Was it so selfish to want her to dream of me instead?

To want her to lean on me?

Hug me?

Let me take away the pain?

The room was thick with it; a heaviness descended over us as we played, and no matter how many times I tried to ask questions and get her distracted, her chin wobbled like she was just barely holding it in.

“What did you love about him?” I finally asked as we started our second game; she lost, then again, it wasn’t fair she was barely concentrating.

A tear spilled from her cheek to the checkerboard, and I was instantly angry I’d missed the chance to wipe it away.

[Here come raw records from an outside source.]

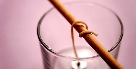 Stabilize the top of your wick so it stands up straight. Your wick needs to stand up straight and tall in the wax for your candle to burn properly. To keep it from flopping over, stick a strip of tape over the top of the glass, then poke a hole in the center. Thread your wick through the hole and you're all set. You can also use a dowel, pencil, or chopsticks to hold the wick in place—just wrap the end of the wick around whatever you're using and set it on top of the glass.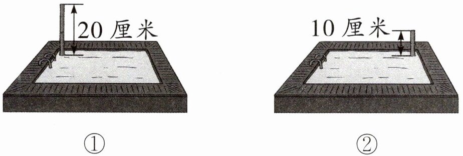 七、为了测量两个游泳池中水的深度,小欢用一根 $1$ 米长的竹竿分别竖直插至水池底部。( )号水池中的水更深,比另一水池中的水深( )厘米。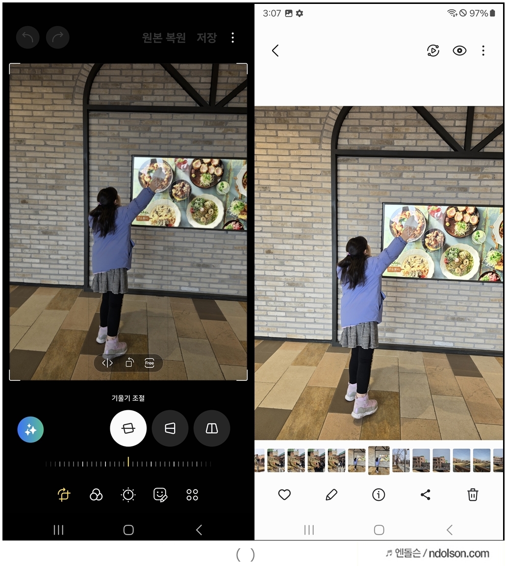 사진 갤러리앱이 완전히 달라졌습니다. 강력한 카메라와 결합된 AI 편집 기능으로 사진의 기울기 수정, 배경 교체, 인물 부분 편집 등을 자연스럽게 생성형 AI가 만들어서 처리해줍니다. 이걸로 딸아이 하늘에 나는 사진도 AI 편집으로 만들어봤는데요. 이런 거 재미있네요. 빈 공간도 알아서 AI가 뭘 만들어서 생성해 줍니다. 콘텐츠 생성자와 일반 사용자 모두에게 고급 편집 도구로 좋겠죠?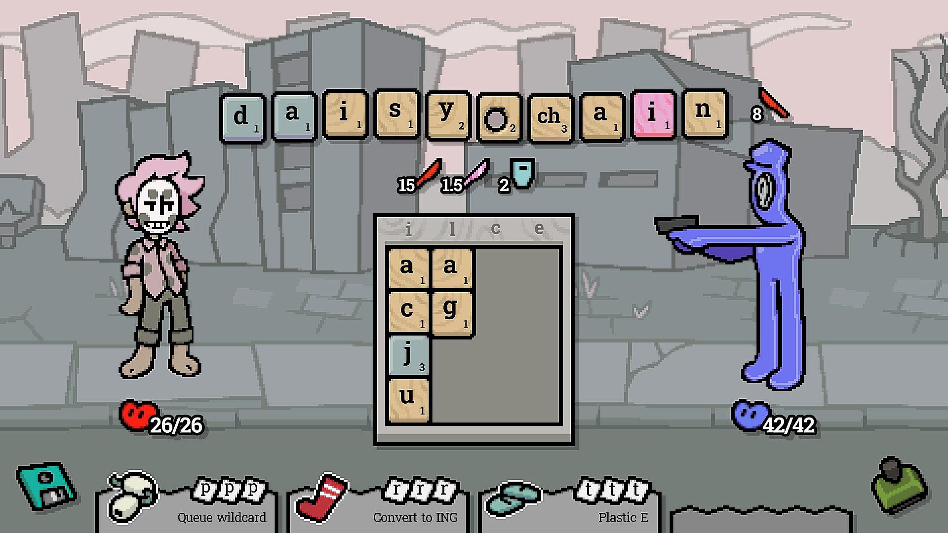 Strategize your spelling; use wooden tiles to attack and plastic tiles to defend. Activate spells to manipulate tiles to your favor—shift letters across the alphabet, turn tiles into candy, and watch words spell themselves with wildcards.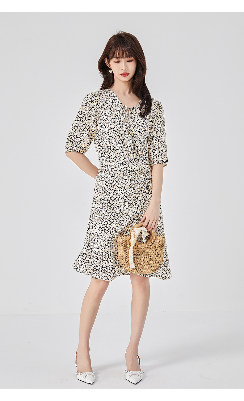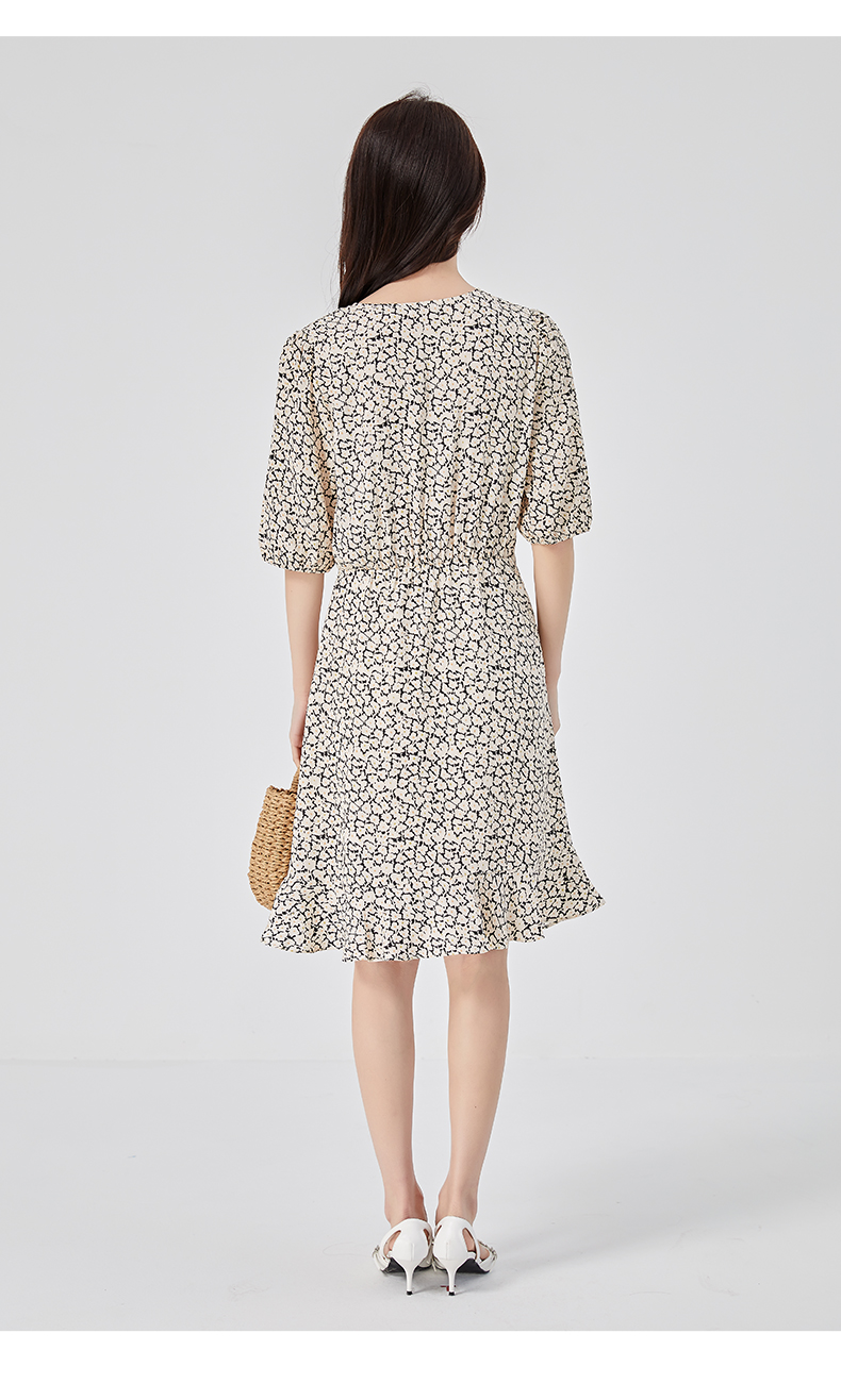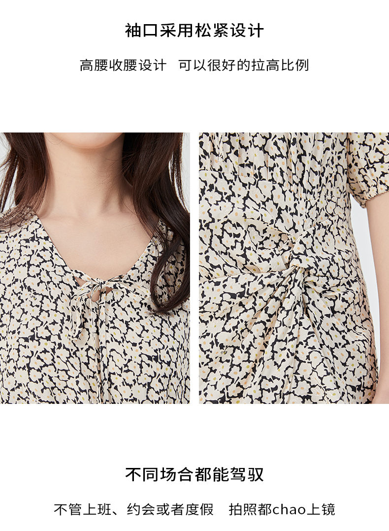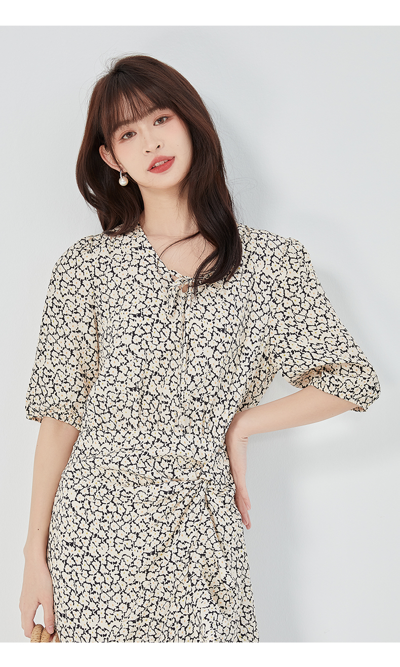 oldcolour2023夏季新款法式气质V领高腰显瘦碎花连衣裙O24102206

“Everything.” She wiped her cheeks with the back of her hands. “I loved everything about him. He was…” She locked eyes with me. “…mine. The one thing that I had in the Family that I claimed when I first saw him was Breaker himself. He was so… broken when he came to us. He smiled, and he fit in perfectly, but at night he cried.”

“Did he ever tell you why he cried?” My body tensed.

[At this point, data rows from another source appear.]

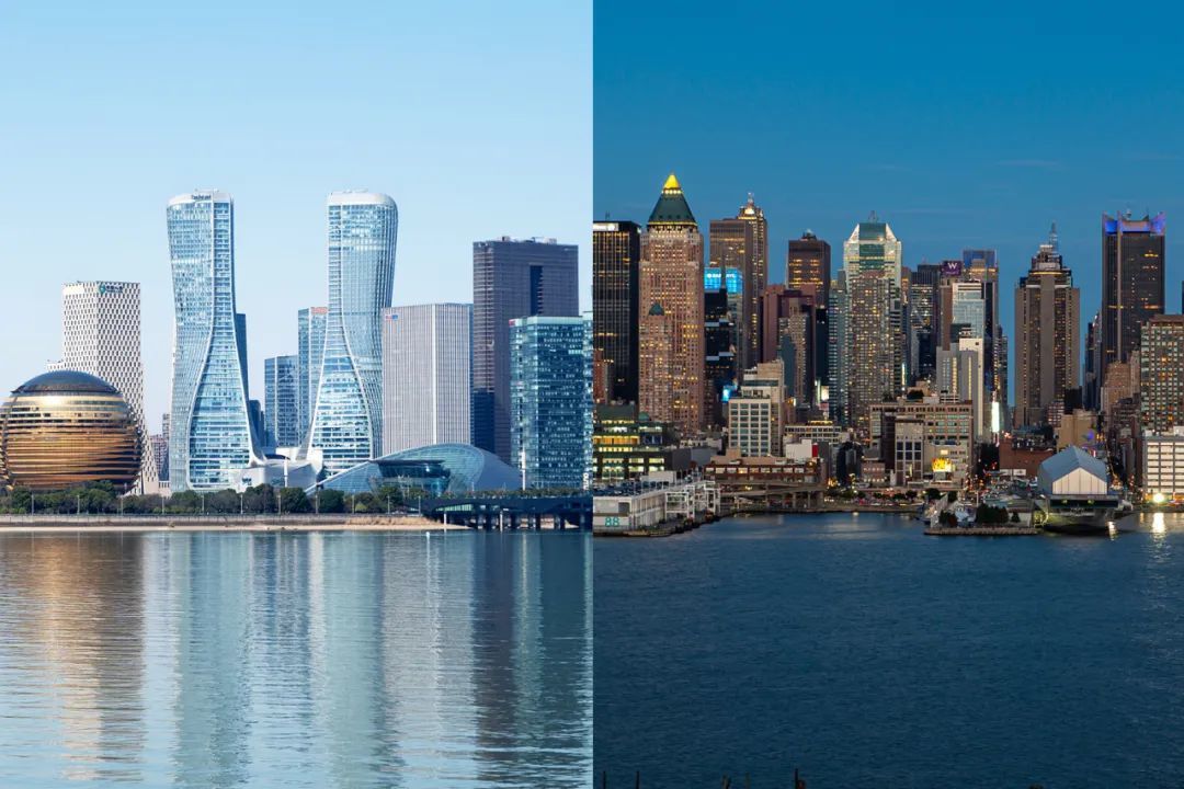 1981年,浙江省与美国新泽西州建立友好省州关系。图为浙江杭州与新泽西州威霍肯风光拼图 图源:视觉中国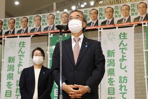 当選を受けて「若い世代、子育て世代に選んでもらえるように魅力ある、暮らしやすい新潟県を目指していく」と語った。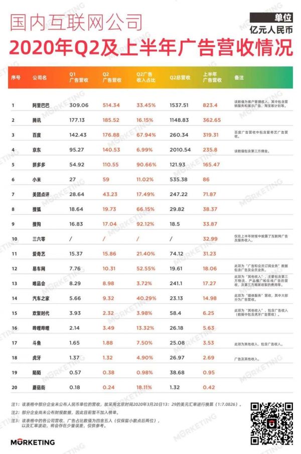 2020年Q2中国20大互联网公司广告收入情况梳理

“He said he was broken.” Violet reached for another checker and clutched it in her hand. “And I told him it was okay to be broken because when you’re broken, all you need is a best friend to help you find the pieces and put them back together again. And I promised him I would.”

“He was lucky to have you as a best friend, Violet, and more…”

“He was mine,” she said again, this time louder. “My dad has politics, my mom has my dad, Ash has his rage, Izzy has Maksim. Everyone has someone or something that they’re good at. He was my one thing; don’t you get it? He was it; he was mine! And he was stolen from me!”

A mixture of a scream and a sob pierced the room as Violet threw the checkerboard against the dresser. The red and black pieces clattered to the floor, almost in slow motion.

I didn’t move.

She shoved at me.

And I let her.

She pounded her fists into my chest.

I welcomed the pain.

And then she was sobbing against my chest again. I pulled her into my arms; I wondered if she knew I mourned him too?

The way she saw him was more than he deserved.

“I’m so angry…” Her body shook against mine.

“Then be angry, Violet. Bruise me, beat me, scar me—you have to let it out, or it will destroy you.”